PROBLEM REQUIREMENTS: Which lines run from the one with "Output from new" through the end of the data? Retype them exactly, without pictures.

RAW DATA:
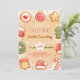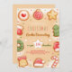Un biscuit de Noël décorant l'invitation de la fête. Sur un arrière - plan de pâte à biscuits, les biscuits décorés de glaçage comme des baubles, des bas, des arbres de Noël, des étoiles, des cloches et des chapeaux santa sont entourés de farine et de saupoudrées de gâteaux verts et rouges. La date de l'événement est affichée dans une étoile coupée du mélange de biscuits.
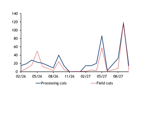 Output from new fields in 2027 coupled with high Troll production rates may help offset the decline in production from maturing assets and heavy scheduled works. One new field is set to come on line in 2026 and 10 new fields in 2027, mainly through tie-backs to existing infrastructure, NOD data show (see upcoming fields table).
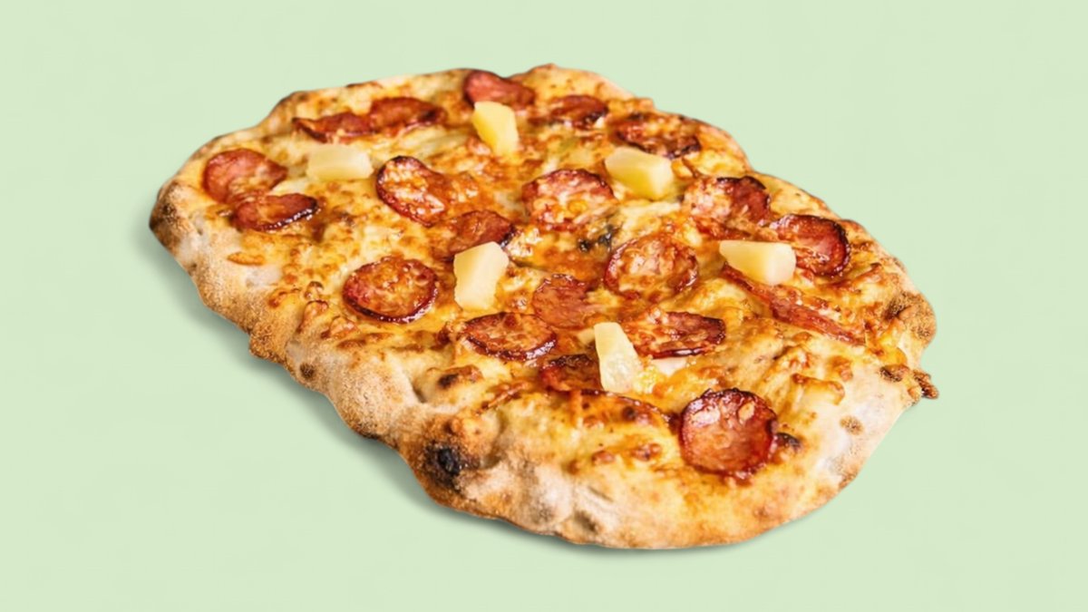 En spennende kombinasjon av krydret pepperoni og søt ananas på en base av vår kremete, hjemmelagde hvite pizzasaus. Toppet med smeltet ost som gir en perfekt balansert smaksopplevelse – både spicy og søt! Størrelse: 30×25 cm. Perfekt for én person.

RESULT FOR THIS TASK:
 Output from new fields in 2027 coupled with high Troll production rates may help offset the decline in production from maturing assets and heavy scheduled works. One new field is set to come on line in 2026 and 10 new fields in 2027, mainly through tie-backs to existing infrastructure, NOD data show (see upcoming fields table).
 En spennende kombinasjon av krydret pepperoni og søt ananas på en base av vår kremete, hjemmelagde hvite pizzasaus. Toppet med smeltet ost som gir en perfekt balansert smaksopplevelse – både spicy og søt! Størrelse: 30×25 cm. Perfekt for én person.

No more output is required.